As January approaches, Ricks and DeCicco said the primary goal for 2023 is to increase household penetration and market share. DeCicco said household penetration for the brand is only around 5.5% compared to roughly 50% for bottled coffee overall.
Ricks said that opening up new distribution will be important going forward, with the club channel and expanded ACV in convenience being two of the larger available runways, but improving velocities at existing accounts is paramount. In accounts in the Northeast and North Atlantic regions, he said, the brand has between a 5% to 10% share and he now hopes to push that share higher.
In order to “cut out a lot of noise” and focus primarily on its 12 oz. bottled coffee line, the company discontinued around 20 SKUs this year, DeCicco said, including K-cups, bagged dry coffee, cans and select creamers and flavors. The brand is still moving forward, however, with its Super ENRGY line, which is still in a testing period with distribution at H-E-B stores in Texas and Kroger accounts in the Mid-Atlantic. The energy drink is expected to pass $1 million in revenue this year and may see some scaling in 2023 so long as the company sees signs that it could become “a real player” in the category, he added.
“Our thesis on energy is nobody’s interested in a sub-$100 million dollar energy drink,” DeCicco said. “We want to see if there’s potential for this thing to have a 1% to 2% share of the category over the next few years.”
Super Coffee’s approach to marketing will also evolve in the new year DeCicco said. While the core message around “Positive Energy” will remain the brand’s north star, new tech privacy policies have disrupted the company’s old digital marketing strategy. Instead, the brand is “going to get scrappy again,” and use 2023 as a “test and learn” period with new video marketing through platforms like TikTok and YouTube with a “very targeted and very specific” consumer-facing strategy.
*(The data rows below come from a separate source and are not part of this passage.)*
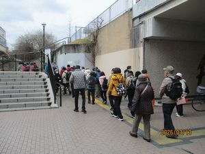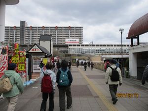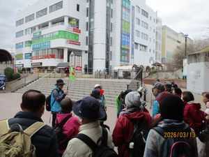 光明池駅前(左)、ウォーク出発前の説明(中)、光明池に向かって出発(右)
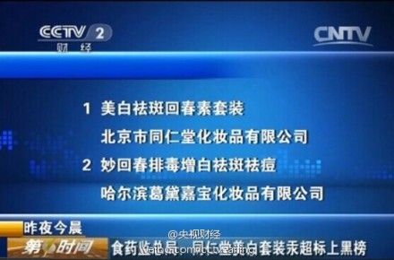 【汞超标!同仁堂美白套装上黑榜】食品药品监管总局发布消息:近期组织对部分化妆品开展监督抽检,发现北京市同仁堂化妆品有限公司生产的标示为“美白祛斑回春素套装”等8批产品不符合规定,食药监总局要求各地对通报的不合格产品一律下架并停止销售,不得恢复生产。
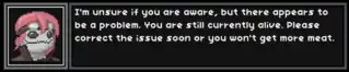 On Atropus planets, Kevin may appear and speak to the player, telling them, "Woooooooo, I'm totally not Kevin and just the voices of insanity telling you to shoot yourself in the abdomen. Do it." Additionally, he may also simply say "Greetings." to the player with no further dialogue. There are also other various lines he may tell to the player in an attempt to get them to kill themselves. It is unknown if he truly wants the player dead, or if it's just another one of his sick "pranks".
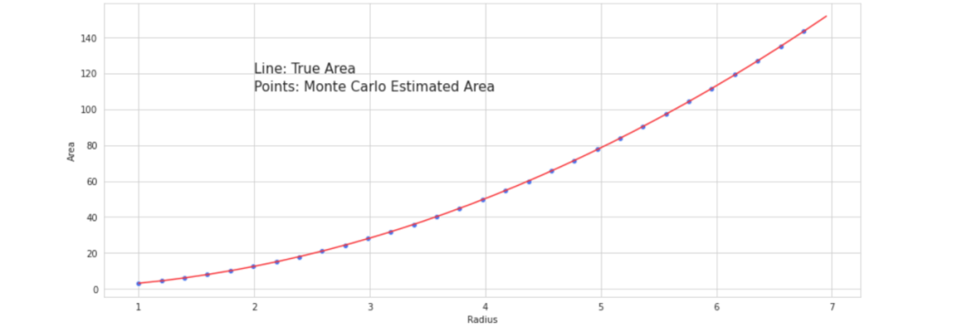 当然,计算圆面积的公式很好记就是𝜋r²。无需使用微积分中的任何复杂的数学方法或其他证明,我们就能找到它的公式,并找到一种使用蒙特卡洛模拟和二次回归找到𝜋值的方法。使用这种思路就可以找到计算圆面积的方法——当然也可以找到任何图形的面积计算公式——椭圆、心形、二维的乌龟形状——只要参数可以说明它的轮廓。

Overall, Ricks and DeCicco said they plan to take a lean and determined approach to growth as a mid-sized company and believe the executive shift underlines “the stability of the brand.”
“I think every year for the last five years, we’ve always said ‘We’re just getting started,’ DeCicco said. “But I think now we really feel it. We’re laying a strong foundation for a business that’s going to be around for a long time.”